特に、法人化して入れば節税効果も高く、このような目的の法人をMS法人と呼びます。株式会社や一般社団法人などを設立することが多いようです。
地方の場合ですと、病院や診療所の土地・建物などの固定資産をMS法人が取得し、医療機関が賃借しているようなケースや、院内やWebサイトでのサプリメントなどの物品の販売・医療関連サービス・健康産業サービスなどの無形商材も扱うことも可能です。
資金力があれば、医療機器の購入や人件費もMS法人で負担し、医療機関にリース及び業務委託を行い、マージンを利益とする手法も取られています。
いずれにしても、法人を複数にすることにより節税を計ることが可能です。これらの詳細は、顧問税理士と相談しながら進めると良いでしょう。
このように、医療政策に左右されないMS法人の営業利益は、医療法人にとって安定した経営グループを構築することになるはずです。アイデア次第で医療機関ではできなかったような医療サービスを展開できます。

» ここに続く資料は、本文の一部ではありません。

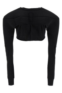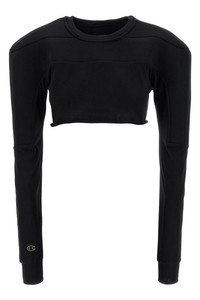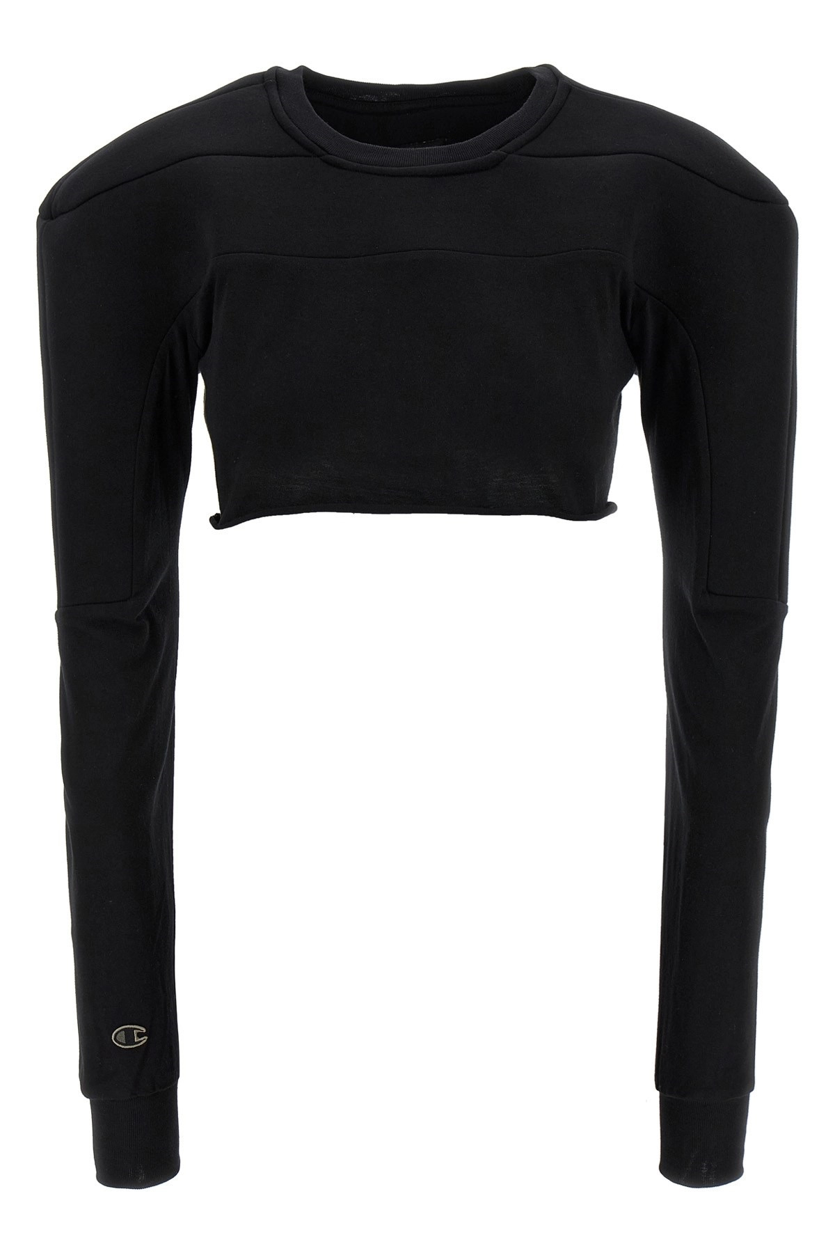 cod. CW01E1708CHJG09 Champion x Rick Owens cotton sweater with top inserts in scuba fabric, crop model, crew neck, long sleeves with cuffs, structured shoulder strap, garment with raw cut hem. SUSTAINABLE: This product is made of organic cotton. Color: Black Size & Fit: Comfort fit Composition: 100% cotton Made in: Italy

しかし、過去にもそれを悪用して動産などの購入・売却などその他の社会問題になったケースも少なくないため、医療グループとしての品格を保ち品位のある経営を行なっていたればと思います。
まとめ
以上のように日本の国民皆保険は、制度上の疲弊を露呈しています。経済成長してきた日本では、それまでは良かったですがこれからはそうもいかなくなってきています。
地域の健康を預かる診療所の役割を果たすために、自費診療・自由診療という言わば「聖域」に積極的に取り入れた施設だけが生き残る、そんな時代の入り口に差しかかってきたような気がしてなりません。